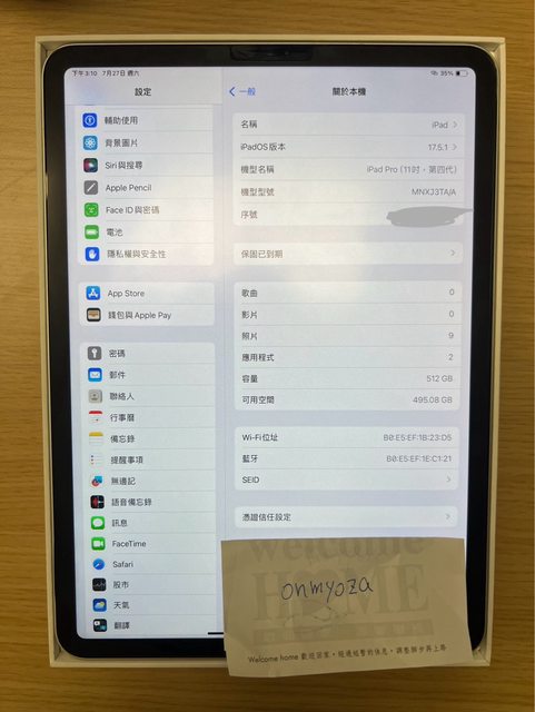 標題[賣/台北/皆可] iPad Pro 11 M2 512g WiFi
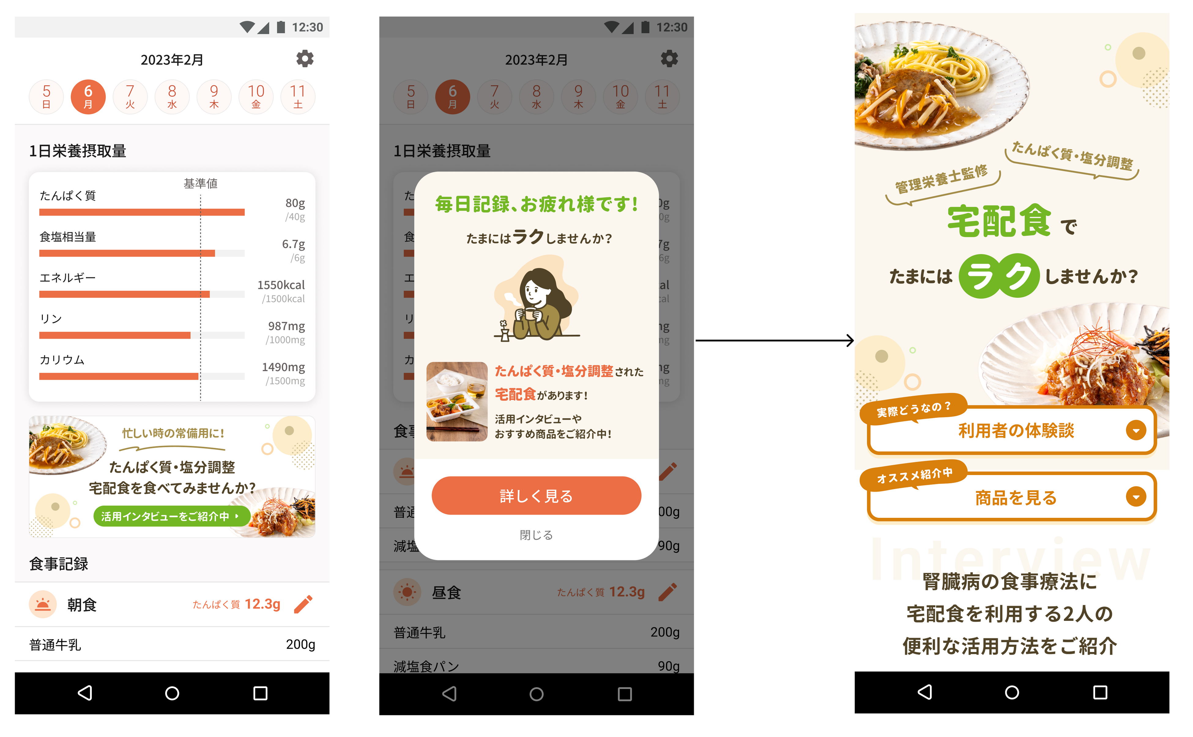 腎臓病の方向け栄養計算アプリ「栄養ビジョン」および血液検査記録アプリ「じんぞうグラフ」の両アプリ内から直接宅配食の購入ページに遷移することができ、そこから弊社の「たんぱく&塩分調整気配り宅配食」を購入することができます。
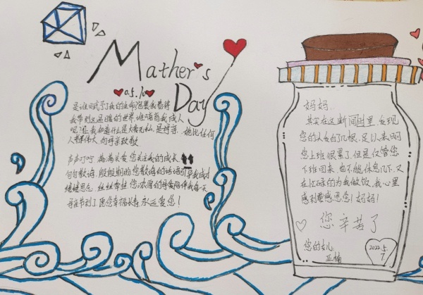 据了解,在母亲节前夕,同学们通过视频短片或照片了解生命孕育的过程,还有妈妈悉心哺育照料的过程,通过短片和图片同学们更加清晰的懂得一个生命是怎么来到这个世界的,也让同学们懂得妈妈孕育和哺育的辛苦。母亲,是世界上最伟大的人,母亲也是这个世界上为孩子付出最多的人,对于母亲的付出,没有什么比感恩之心更能表达对母亲的爱而"感动。母亲节当天锦标学子有的同学为妈妈捶背、洗脚、做家务,感受母亲无数次为孩子付出的不易;有的同学为妈妈揉揉肩、捶捶背,同学们把这份特别的爱献给伟大的母亲;有的给妈妈唱首歌;有的同学为妈妈制作精美的手工贺卡;有的同学给妈妈写一封信;还有的同学看着妈妈的眼睛,小手牵大手,深情对望,心灵感悟,深情地对妈妈说:妈妈我爱你。
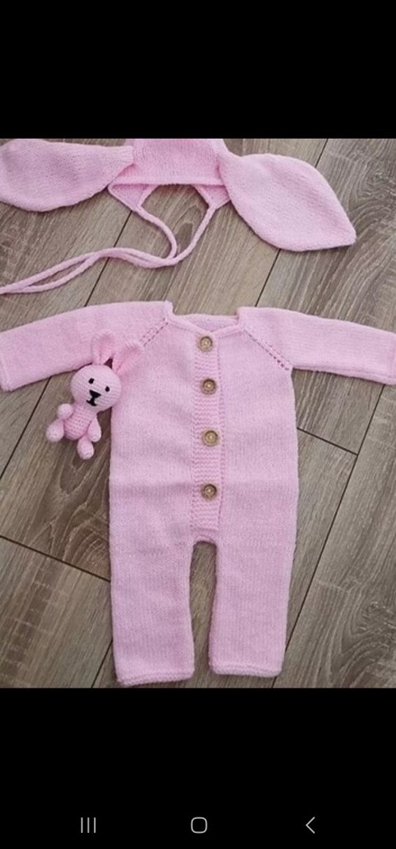 Pastel pembe, uzun kollu, düğmeli triko bebek tulumu ve kulaklı uyumlu şapka seti.
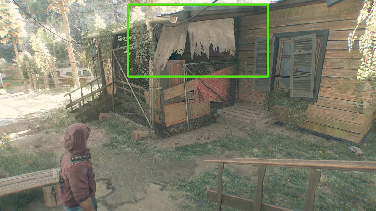 Покиньте монастир і рухайтеся вниз через арку. Перетніть річку і підійдіть до будинку, з труби якого йде дим. Ви побачите, що вхід забарикадований, але якщо придивитися, можна виявити отвір з правого боку над ґанком. Відволікайте заражених і залізьте в хатину, де зустрінетеся з вижившим.

> _YOUR TASK_: The lines running from the beginning of the listing above through the line that holds "腎臓病の方向け栄養計算アプリ" are to be duplicated exactly, both ends kept, pictures omitted.

> _COMPLETED EXERCISE_:
 標題[賣/台北/皆可] iPad Pro 11 M2 512g WiFi
 腎臓病の方向け栄養計算アプリ「栄養ビジョン」および血液検査記録アプリ「じんぞうグラフ」の両アプリ内から直接宅配食の購入ページに遷移することができ、そこから弊社の「たんぱく&塩分調整気配り宅配食」を購入することができます。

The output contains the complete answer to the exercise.